--- START ---

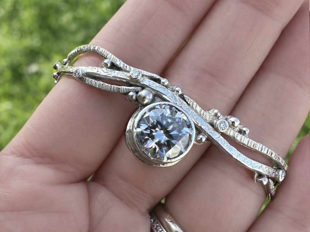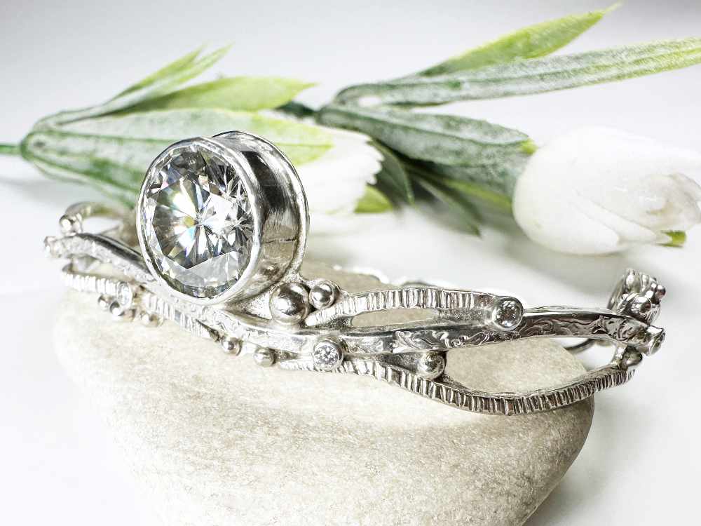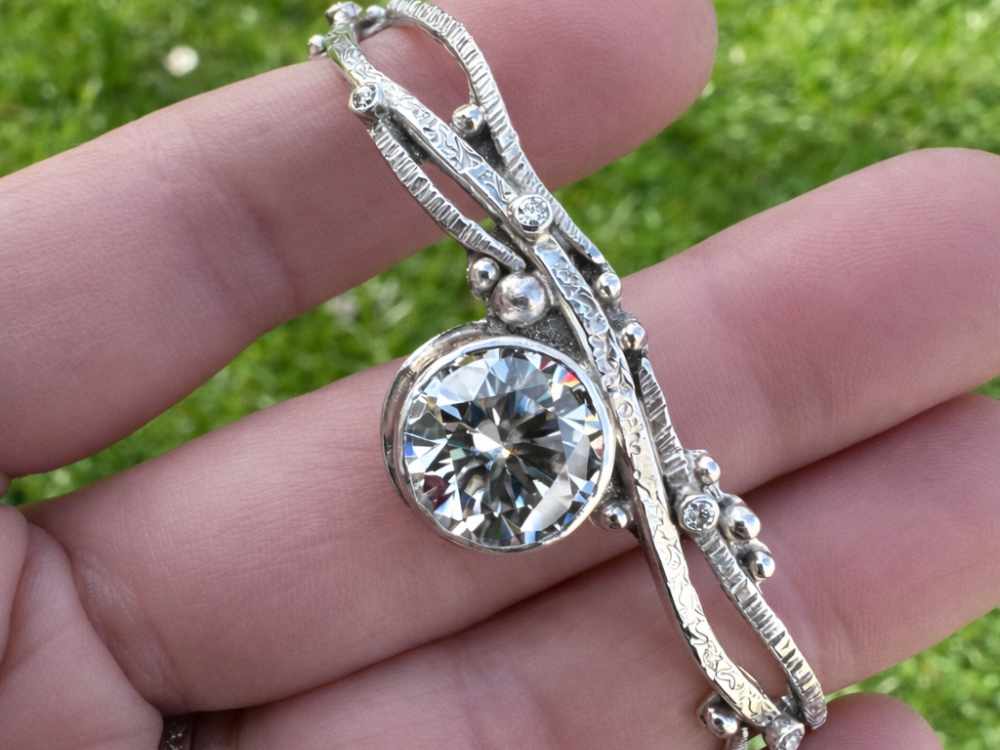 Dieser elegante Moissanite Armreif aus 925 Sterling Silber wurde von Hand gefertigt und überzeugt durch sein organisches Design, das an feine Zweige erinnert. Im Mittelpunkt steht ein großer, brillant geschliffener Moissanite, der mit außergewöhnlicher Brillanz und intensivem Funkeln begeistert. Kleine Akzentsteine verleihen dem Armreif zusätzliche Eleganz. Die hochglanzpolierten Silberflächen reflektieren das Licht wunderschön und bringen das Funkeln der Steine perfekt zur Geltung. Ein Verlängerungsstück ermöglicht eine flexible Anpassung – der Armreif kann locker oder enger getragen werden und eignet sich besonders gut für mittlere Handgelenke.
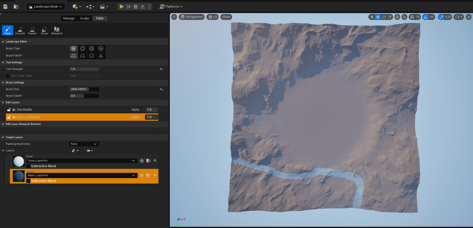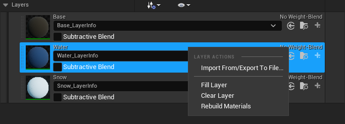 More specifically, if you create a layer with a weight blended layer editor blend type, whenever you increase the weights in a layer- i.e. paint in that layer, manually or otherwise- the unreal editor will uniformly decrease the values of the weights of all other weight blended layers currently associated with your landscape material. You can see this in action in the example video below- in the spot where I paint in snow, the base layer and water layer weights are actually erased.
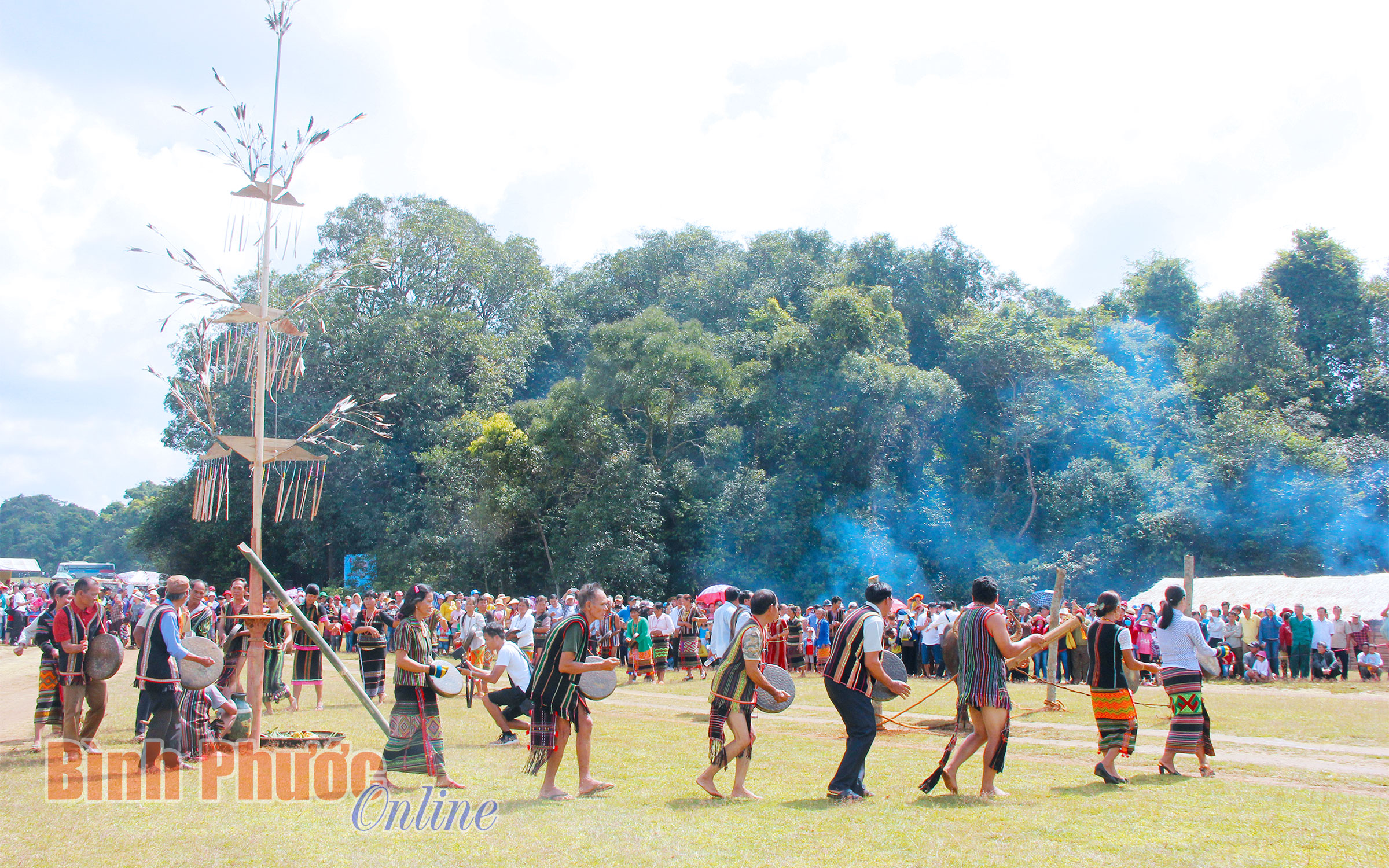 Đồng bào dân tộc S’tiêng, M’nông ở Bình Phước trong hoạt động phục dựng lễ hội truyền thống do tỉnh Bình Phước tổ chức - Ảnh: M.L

--- END ---

◆ Task item: Repeat the material above in full and unchanged, minus its images.

◆ Answer to this task:
 Dieser elegante Moissanite Armreif aus 925 Sterling Silber wurde von Hand gefertigt und überzeugt durch sein organisches Design, das an feine Zweige erinnert. Im Mittelpunkt steht ein großer, brillant geschliffener Moissanite, der mit außergewöhnlicher Brillanz und intensivem Funkeln begeistert. Kleine Akzentsteine verleihen dem Armreif zusätzliche Eleganz. Die hochglanzpolierten Silberflächen reflektieren das Licht wunderschön und bringen das Funkeln der Steine perfekt zur Geltung. Ein Verlängerungsstück ermöglicht eine flexible Anpassung – der Armreif kann locker oder enger getragen werden und eignet sich besonders gut für mittlere Handgelenke.
 More specifically, if you create a layer with a weight blended layer editor blend type, whenever you increase the weights in a layer- i.e. paint in that layer, manually or otherwise- the unreal editor will uniformly decrease the values of the weights of all other weight blended layers currently associated with your landscape material. You can see this in action in the example video below- in the spot where I paint in snow, the base layer and water layer weights are actually erased.
 Đồng bào dân tộc S’tiêng, M’nông ở Bình Phước trong hoạt động phục dựng lễ hội truyền thống do tỉnh Bình Phước tổ chức - Ảnh: M.L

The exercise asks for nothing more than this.